The following data is to be repeated exactly, its pictures excluded.

*** EXERCISE MATERIAL Section Begins ***

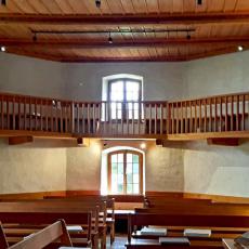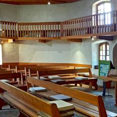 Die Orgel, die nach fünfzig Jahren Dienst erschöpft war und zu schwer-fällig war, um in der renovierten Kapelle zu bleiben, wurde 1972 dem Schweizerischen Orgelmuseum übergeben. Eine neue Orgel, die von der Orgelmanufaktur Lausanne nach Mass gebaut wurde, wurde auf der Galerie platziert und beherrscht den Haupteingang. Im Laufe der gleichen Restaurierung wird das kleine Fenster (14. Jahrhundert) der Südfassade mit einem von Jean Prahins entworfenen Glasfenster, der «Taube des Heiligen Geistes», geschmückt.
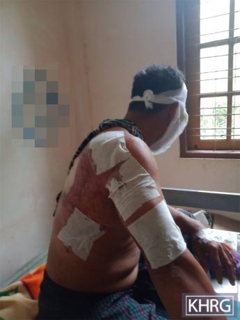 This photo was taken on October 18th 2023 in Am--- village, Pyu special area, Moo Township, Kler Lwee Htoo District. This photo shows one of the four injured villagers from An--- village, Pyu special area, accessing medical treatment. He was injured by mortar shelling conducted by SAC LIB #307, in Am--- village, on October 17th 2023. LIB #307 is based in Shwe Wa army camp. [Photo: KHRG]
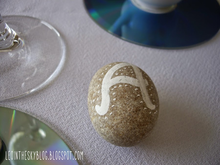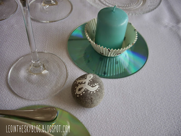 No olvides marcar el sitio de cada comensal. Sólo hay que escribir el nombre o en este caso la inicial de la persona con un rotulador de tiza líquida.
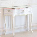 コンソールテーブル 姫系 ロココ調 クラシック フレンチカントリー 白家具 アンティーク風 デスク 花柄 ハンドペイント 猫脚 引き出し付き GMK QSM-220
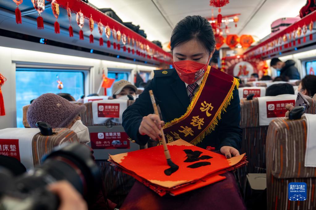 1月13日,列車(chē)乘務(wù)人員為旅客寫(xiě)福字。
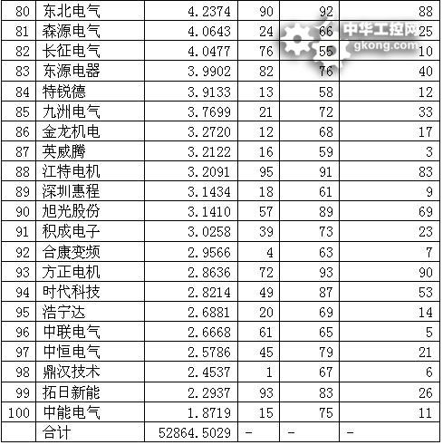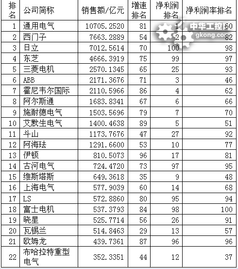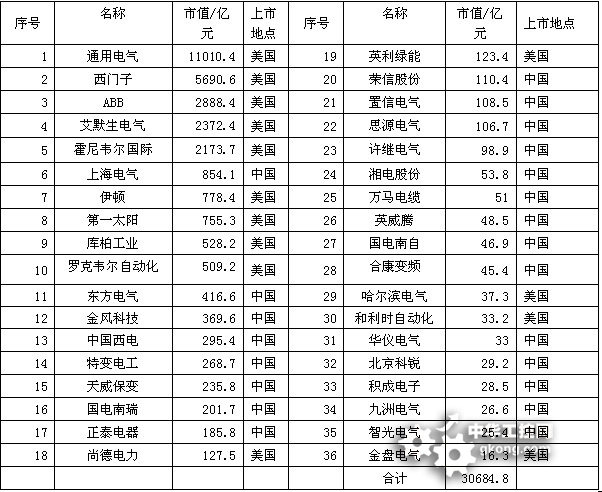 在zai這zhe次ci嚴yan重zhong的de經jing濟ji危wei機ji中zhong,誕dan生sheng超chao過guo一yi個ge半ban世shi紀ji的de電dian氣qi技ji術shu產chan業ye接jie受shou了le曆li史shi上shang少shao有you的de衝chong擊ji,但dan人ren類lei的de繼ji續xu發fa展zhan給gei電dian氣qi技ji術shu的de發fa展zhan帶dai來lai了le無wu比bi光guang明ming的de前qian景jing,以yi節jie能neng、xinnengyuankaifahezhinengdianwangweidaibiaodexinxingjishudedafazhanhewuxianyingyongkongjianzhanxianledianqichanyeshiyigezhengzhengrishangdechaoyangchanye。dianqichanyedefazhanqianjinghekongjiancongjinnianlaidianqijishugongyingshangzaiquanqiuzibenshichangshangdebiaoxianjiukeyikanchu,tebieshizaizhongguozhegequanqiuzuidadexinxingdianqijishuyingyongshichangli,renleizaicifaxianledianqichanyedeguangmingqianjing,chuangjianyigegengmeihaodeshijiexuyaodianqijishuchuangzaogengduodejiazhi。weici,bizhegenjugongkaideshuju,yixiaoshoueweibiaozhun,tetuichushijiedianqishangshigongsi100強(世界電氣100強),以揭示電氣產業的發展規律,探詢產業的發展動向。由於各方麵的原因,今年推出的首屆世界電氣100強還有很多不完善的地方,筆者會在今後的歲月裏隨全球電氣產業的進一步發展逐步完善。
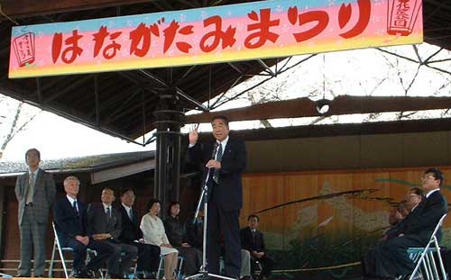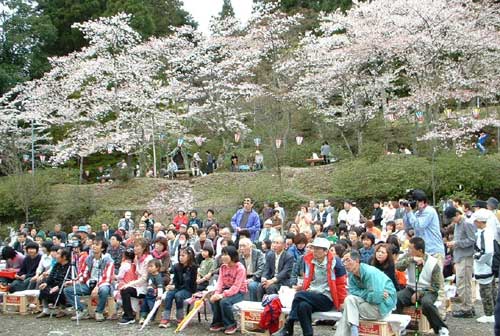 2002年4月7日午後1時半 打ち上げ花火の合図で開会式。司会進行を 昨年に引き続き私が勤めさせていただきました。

*** EXERCISE MATERIAL Section Ends ***

> EXERCISE RESPONSE:
 Die Orgel, die nach fünfzig Jahren Dienst erschöpft war und zu schwer-fällig war, um in der renovierten Kapelle zu bleiben, wurde 1972 dem Schweizerischen Orgelmuseum übergeben. Eine neue Orgel, die von der Orgelmanufaktur Lausanne nach Mass gebaut wurde, wurde auf der Galerie platziert und beherrscht den Haupteingang. Im Laufe der gleichen Restaurierung wird das kleine Fenster (14. Jahrhundert) der Südfassade mit einem von Jean Prahins entworfenen Glasfenster, der «Taube des Heiligen Geistes», geschmückt.
 This photo was taken on October 18th 2023 in Am--- village, Pyu special area, Moo Township, Kler Lwee Htoo District. This photo shows one of the four injured villagers from An--- village, Pyu special area, accessing medical treatment. He was injured by mortar shelling conducted by SAC LIB #307, in Am--- village, on October 17th 2023. LIB #307 is based in Shwe Wa army camp. [Photo: KHRG]
 No olvides marcar el sitio de cada comensal. Sólo hay que escribir el nombre o en este caso la inicial de la persona con un rotulador de tiza líquida.
 コンソールテーブル 姫系 ロココ調 クラシック フレンチカントリー 白家具 アンティーク風 デスク 花柄 ハンドペイント 猫脚 引き出し付き GMK QSM-220
 1月13日,列車(chē)乘務(wù)人員為旅客寫(xiě)福字。
 在zai這zhe次ci嚴yan重zhong的de經jing濟ji危wei機ji中zhong,誕dan生sheng超chao過guo一yi個ge半ban世shi紀ji的de電dian氣qi技ji術shu產chan業ye接jie受shou了le曆li史shi上shang少shao有you的de衝chong擊ji,但dan人ren類lei的de繼ji續xu發fa展zhan給gei電dian氣qi技ji術shu的de發fa展zhan帶dai來lai了le無wu比bi光guang明ming的de前qian景jing,以yi節jie能neng、xinnengyuankaifahezhinengdianwangweidaibiaodexinxingjishudedafazhanhewuxianyingyongkongjianzhanxianledianqichanyeshiyigezhengzhengrishangdechaoyangchanye。dianqichanyedefazhanqianjinghekongjiancongjinnianlaidianqijishugongyingshangzaiquanqiuzibenshichangshangdebiaoxianjiukeyikanchu,tebieshizaizhongguozhegequanqiuzuidadexinxingdianqijishuyingyongshichangli,renleizaicifaxianledianqichanyedeguangmingqianjing,chuangjianyigegengmeihaodeshijiexuyaodianqijishuchuangzaogengduodejiazhi。weici,bizhegenjugongkaideshuju,yixiaoshoueweibiaozhun,tetuichushijiedianqishangshigongsi100強(世界電氣100強),以揭示電氣產業的發展規律,探詢產業的發展動向。由於各方麵的原因,今年推出的首屆世界電氣100強還有很多不完善的地方,筆者會在今後的歲月裏隨全球電氣產業的進一步發展逐步完善。
 2002年4月7日午後1時半 打ち上げ花火の合図で開会式。司会進行を 昨年に引き続き私が勤めさせていただきました。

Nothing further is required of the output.